* **What you will do**:
Print the listing exactly as it stands. Skip every picture.

* **Information shown**:
* * *
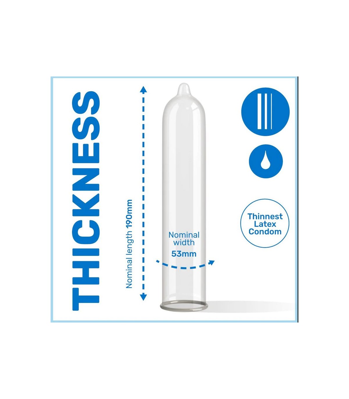 Silk Thin™ es el condón de látex más delgado de Pasante y tiene hasta la mitad del grosor del condón normal de Pasante*. Con solo 40 a 45 micrones de grosor, Silk Thin™ ofrece a ambos miembros de la pareja la experiencia sexual más cercana a ese sentimiento real. Preservativos lisos, paralelos, de color natural y con punta de tetina. Silk Thin mide 190 mm de largo y 53 mm de ancho.
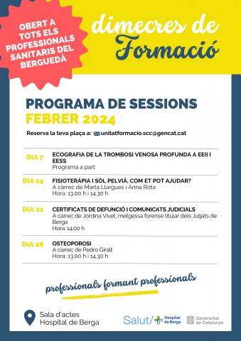 FEBRER | Píndoles de formació a l'Hospital de Berga, obertes a tots els professionals sanitaris del territori.
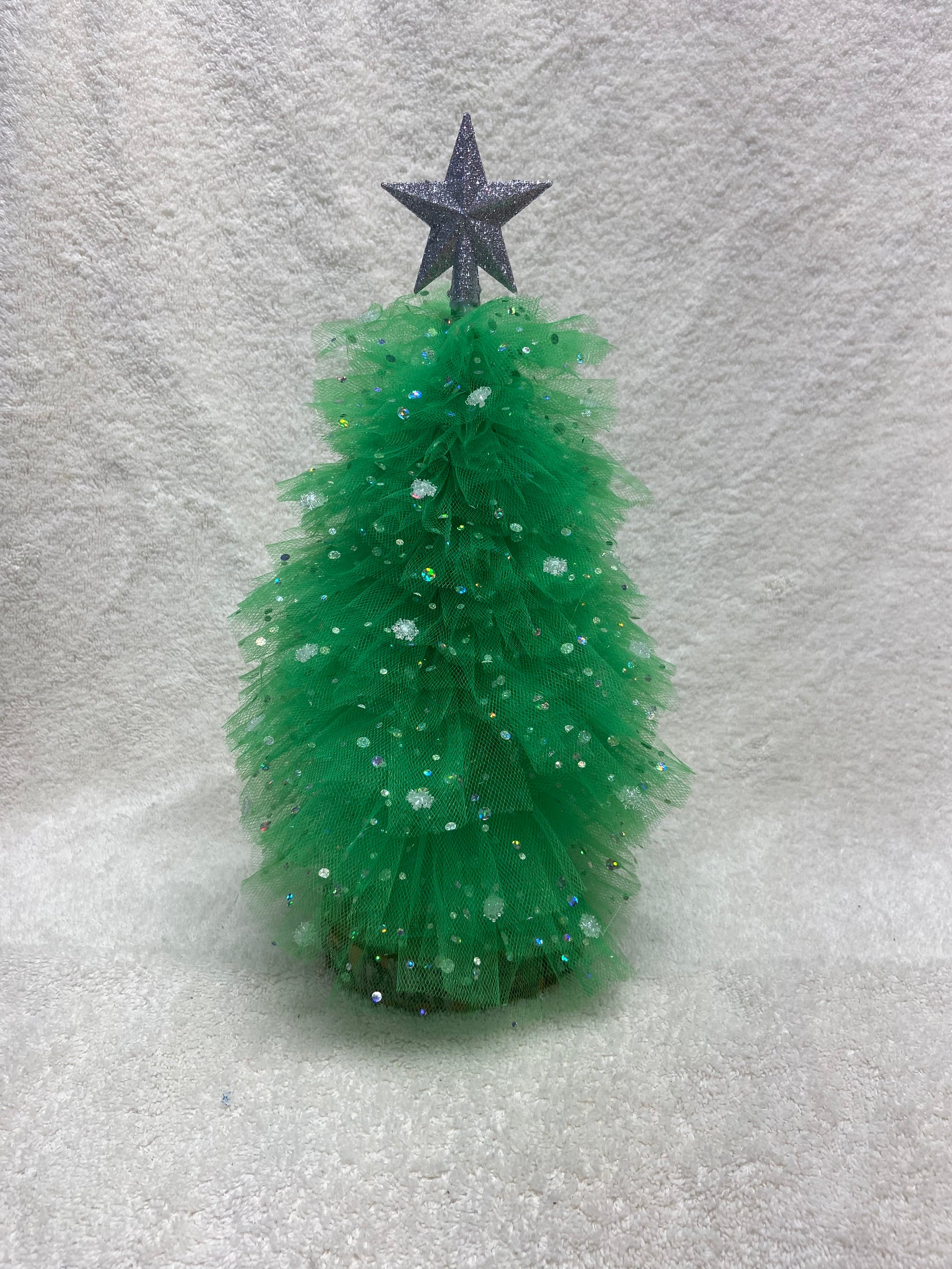 Twinkle, shimmer, and shine—our “Starlight Evergreen” Whimsy Tree is a 13” vision of timeless holiday magic. Handcrafted from layered green tulle, each branch is kissed with a dusting of snow-like sequins and holographic sparkle that dances in the light. Crowned with a silver glitter star, this classic tree is elegance with a wink of enchantment.
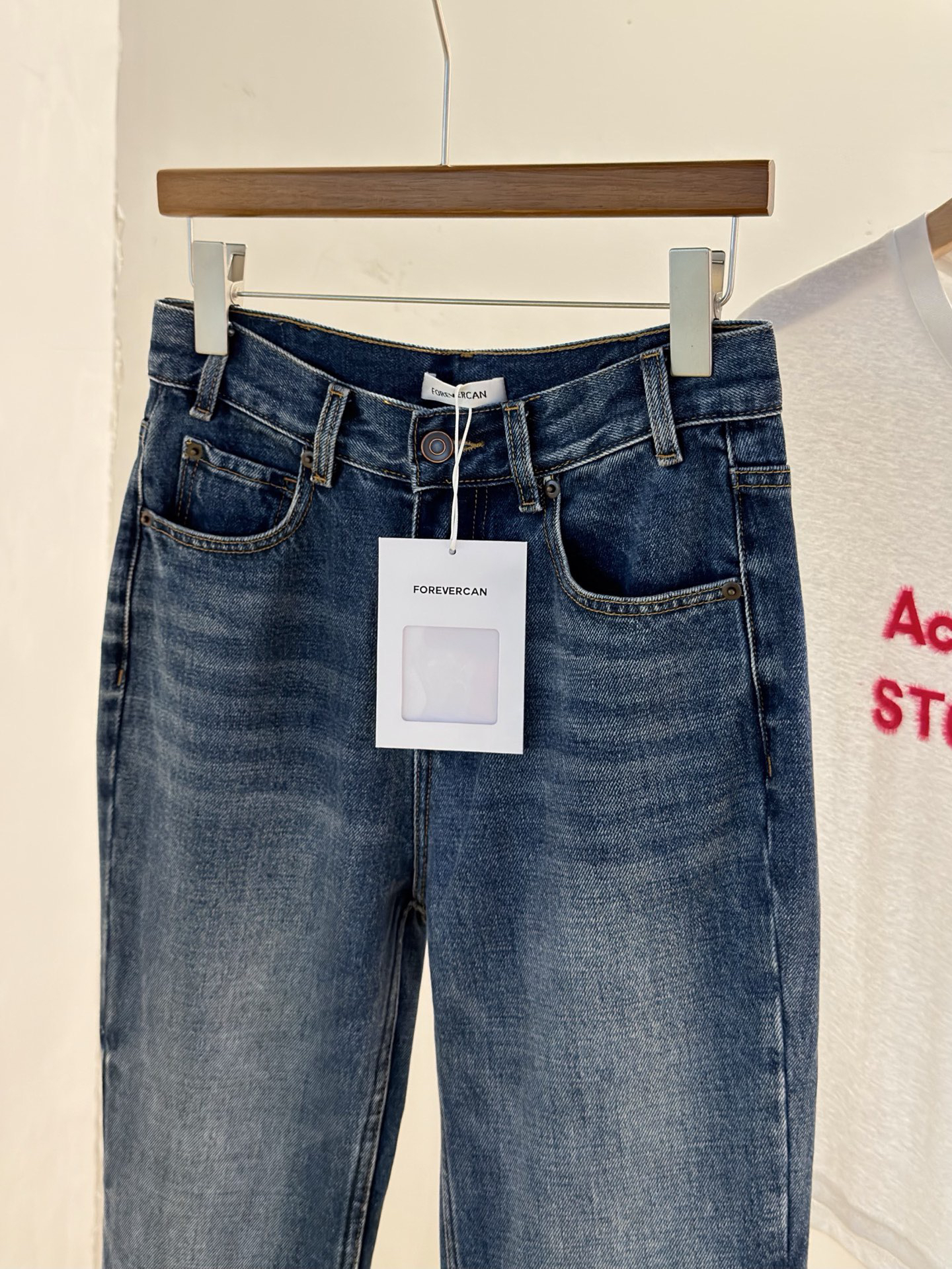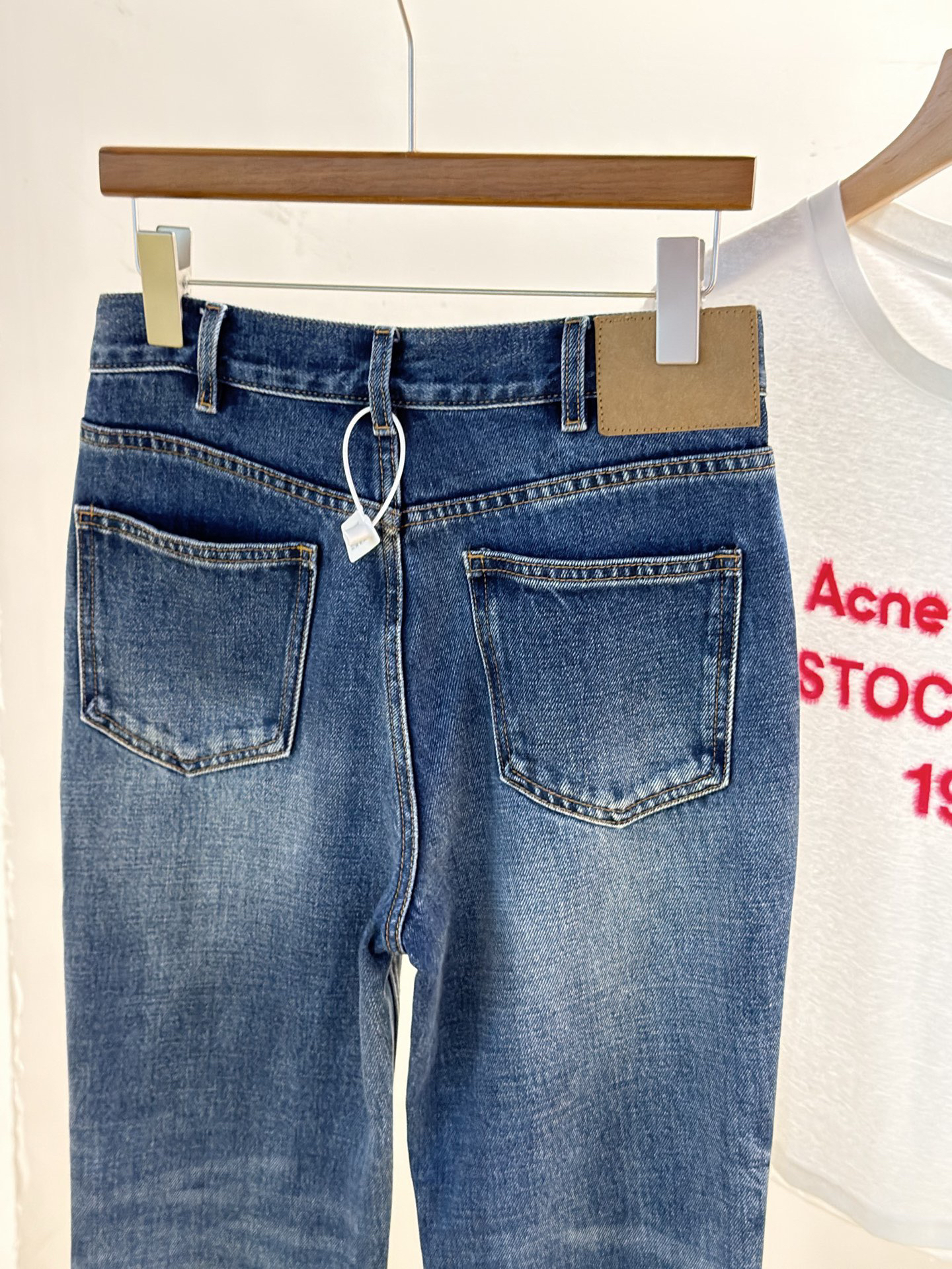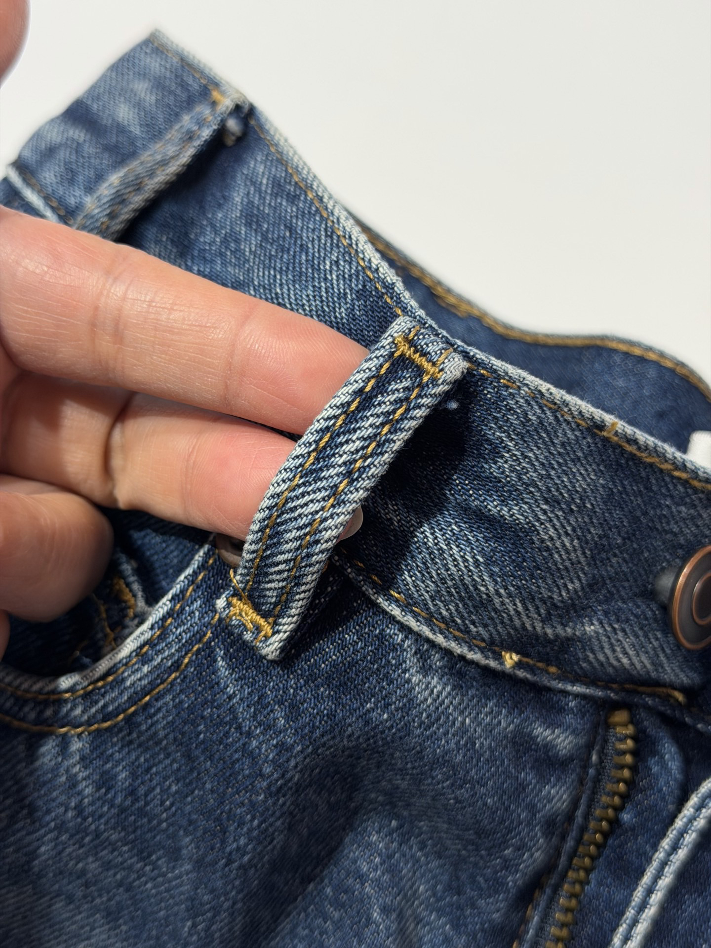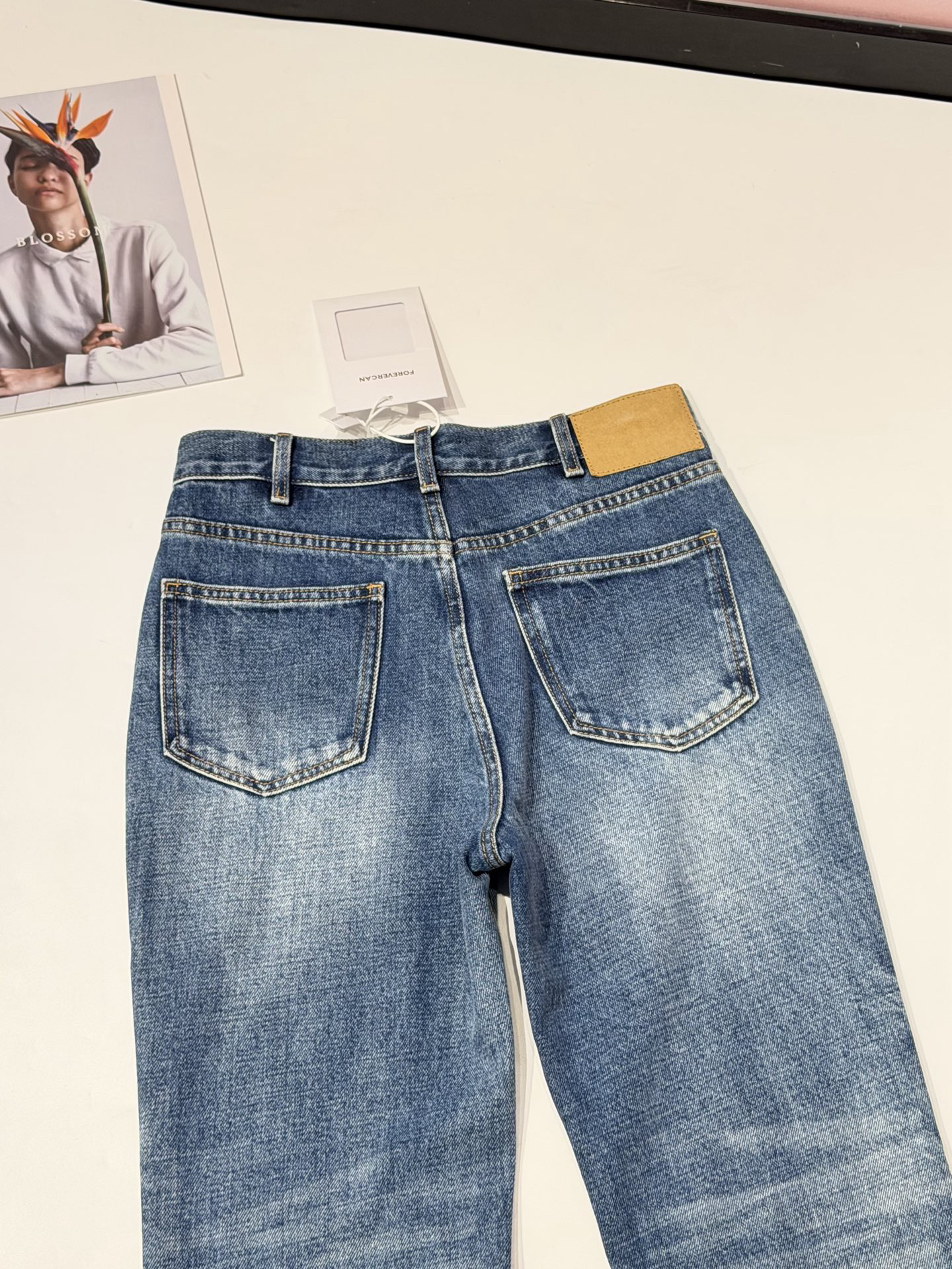 除了版型,面料是关键,经过三道水洗工艺,整条裤子的颜色呈现一种很漂亮的牛仔蓝颜色。而且大面积的磨白质感更好~
* * *
* **Answer section**:
 Silk Thin™ es el condón de látex más delgado de Pasante y tiene hasta la mitad del grosor del condón normal de Pasante*. Con solo 40 a 45 micrones de grosor, Silk Thin™ ofrece a ambos miembros de la pareja la experiencia sexual más cercana a ese sentimiento real. Preservativos lisos, paralelos, de color natural y con punta de tetina. Silk Thin mide 190 mm de largo y 53 mm de ancho.
 FEBRER | Píndoles de formació a l'Hospital de Berga, obertes a tots els professionals sanitaris del territori.
 Twinkle, shimmer, and shine—our “Starlight Evergreen” Whimsy Tree is a 13” vision of timeless holiday magic. Handcrafted from layered green tulle, each branch is kissed with a dusting of snow-like sequins and holographic sparkle that dances in the light. Crowned with a silver glitter star, this classic tree is elegance with a wink of enchantment.
 除了版型,面料是关键,经过三道水洗工艺,整条裤子的颜色呈现一种很漂亮的牛仔蓝颜色。而且大面积的磨白质感更好~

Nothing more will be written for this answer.